ペンション街を抜け、スキー場を抜け、高度を上げていく。ひたすら登っているはずなのに、まだまだあるぞと言わんばかりにさらに上にも道がある。山頂近い岩のゴロゴロしたあたりにさえ道が刻まれていた。畳平のある標高2700メートル地点は、よく考えると荒井の地元山形の月山や鳥海山の頂上よりもずっと高い。そんなところまで車で行けてしまうということにまず驚く。
乗鞍名所の一つ、冷泉を見物してからさらに上を目指して走る。道ばたの林は灌木に、灌木は岩肌に変化していく。そして荒涼とした風景になったところで、長野と岐阜の県境を示す看板が現れた。日本道路の最高所、畳平だ。荒井はついにこんなところまで来てしまったのである。
近場の小ピークに登ってみる。高いせいか空気も薄く、少し登るだけで激しく息が上がった。休み休み登った先には御来光拝観所があり、そこからは北アルプスの穂高や槍ヶ岳がはっきり見えた。このときは見られなかったが条件がよければ南に富士山さえ見られるという。乗鞍最高峰剣が峰へ続く登山道を見てみると、登山客が蟻の行列のようだった。
畳平にはみやげ屋併設の大きな山小屋が何軒か建っており、観光客がみやげなど物色している。一角にある乗鞍本宮神社に参拝すると、束帯を着た宮司とおぼしき方が、携帯電話片手におまもりの発注をしていた。高山と神社と携帯電話という取り合わせはなかなか不思議だった。
駐車場は平日だったにもかかわらず、車でごった返していた。走り納めの客が訪れていることもあり、全国津々浦々のナンバープレートの車が集結し、出入り口付近は車が長く列をなしている。日本最高所の交通渋滞だ。こんなことになっているからこそ、長野県は乗り入れ規制に乗り出したのかもしれない。
乗鞍は今回の旅の折り返し地点だ。件の用事のため、そろそろ東北に戻らなければならない。車の列をすり抜け、今度は乗鞍スカイラインを下っていく。はるか下には奥飛騨の盆地が見える。昨晩の冷え込みのおかげか、路肩の草には白く霜が降りていた。DJEBELで来られるのは今期限り。このまま下ってしまうのが惜しいような気もする。料金所で通行料1100円を支払い、名残惜しく乗鞍を離れた。
平湯峠を越え、国道158号線を東に走る。沿線には高原らしい林が広がり、その合間に温泉が散在していた。昨日寄った道の駅「風穴の里」で天ぷらそばの昼食にし、即売所で紅玉りんごを一個買って丸かじりした。
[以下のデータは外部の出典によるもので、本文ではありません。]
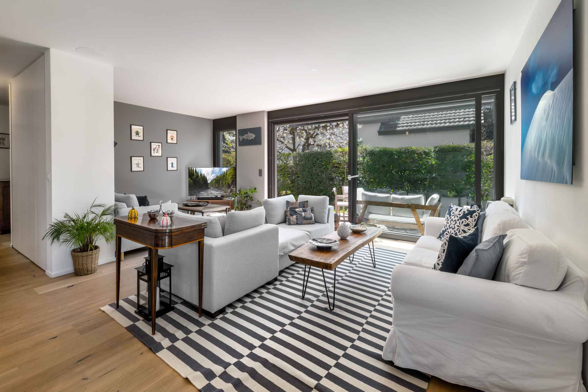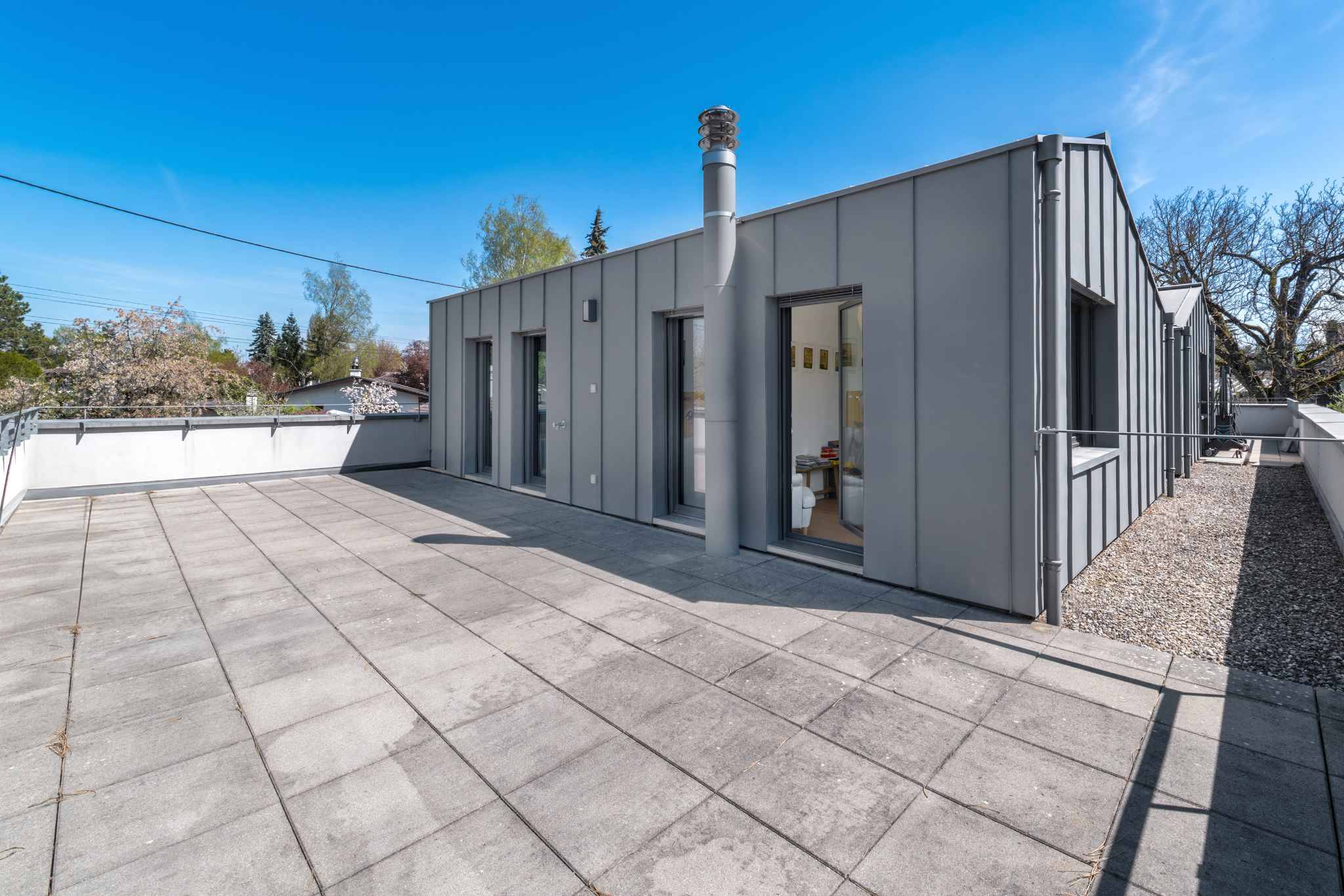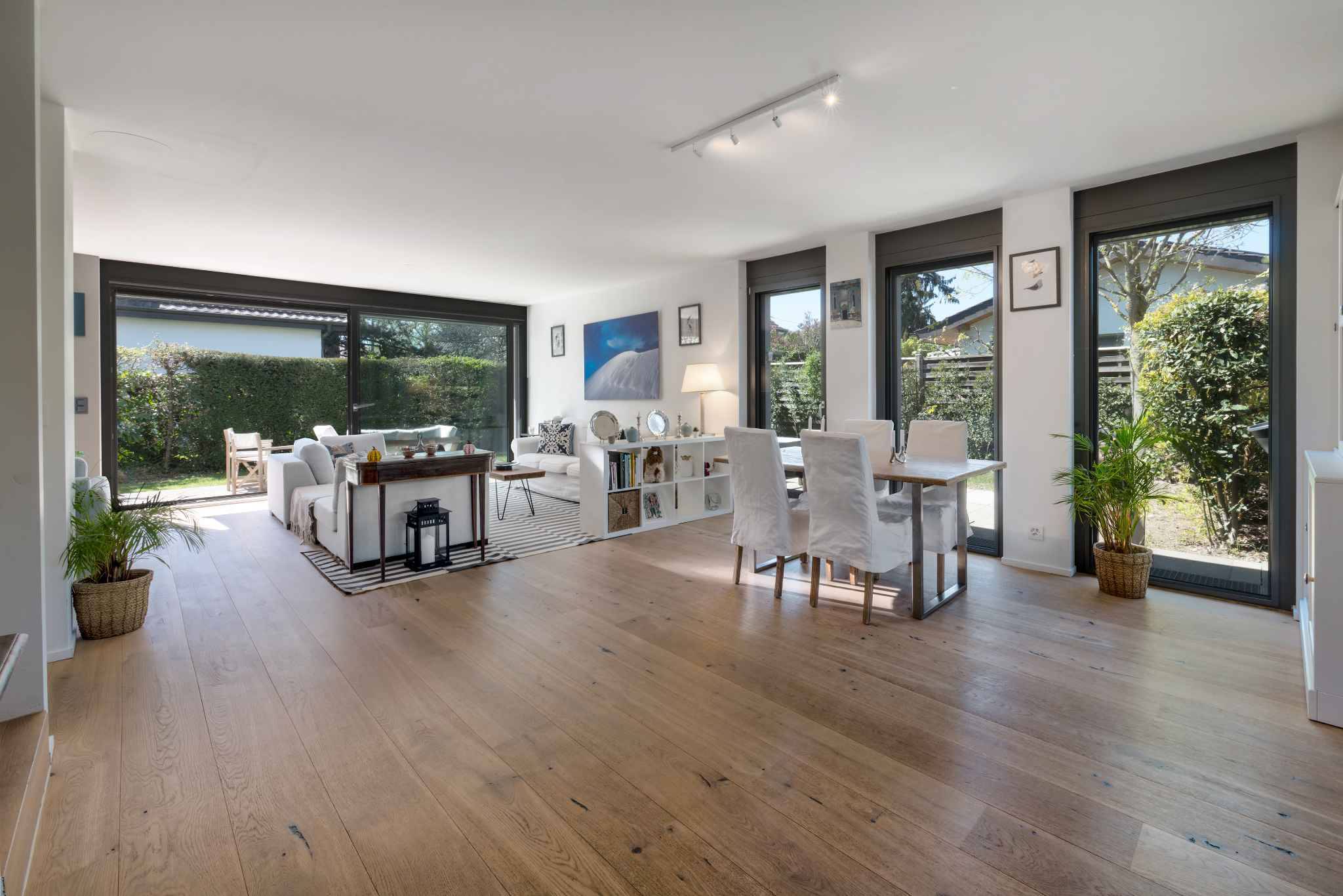 Les aménagements extérieurs comprennent un joli jardin orienté sud-ouest, deux terrasses à l'abri des regards, un garage avec porte motorisée et plusieurs places de parking extérieures.

駐車場には荒井と同じ、DJEBEL200で乗鞍を目指してきた単車乗りの方がいたので話しかけてみると、新潟から走り納めに来たものの、後輪がパンクして行くか戻るか思案していた。目的地を目前にして退かざるを得ないというのも悔しかったことだろう。
名前に惹かれて山形村経由で松本に戻り、浅間温泉を素通りしてさらに東を目指した。美鈴湖のほとりの展望台から盆地を見下ろし、松本にしばしの別れを告げる。
武石峠を越え、武石村(たけしむら・現上田市)の「うつくしの湯」に入り一息入れてから、さらに東を目指した。佐久市でテントの張れそうな場所を探したが、なかなか見つからなかったので野宿はやめにして「千曲パークホテル」に飛び込みで泊まることにした。
乗鞍スカイライン通行券。現在自家用車で畳平に乗り入れることはできなくなった
コンビニエンスストアも、今や全国津々浦々にあります。食料や雑貨を仕入れたり、雑誌を立ち読みしたり、厠を借りたりと、旅人にはありがたい存在となっています。全国展開の店舗もさることながら、北海道のセイコーマート、東北のセーブオン、中京のサークルK、西日本のポプラ、九州のエブリワン、沖縄のホットスパーといった具合にその土地に多いコンビニを見て歩くのも面白いものです。
文字通り、旅先でも便利に利用したコンビニですが、一方で、昔の人はコンビニもなしで旅をしていたことを思うと、自分は軟弱なだなぁと苦笑することがしばしばでした。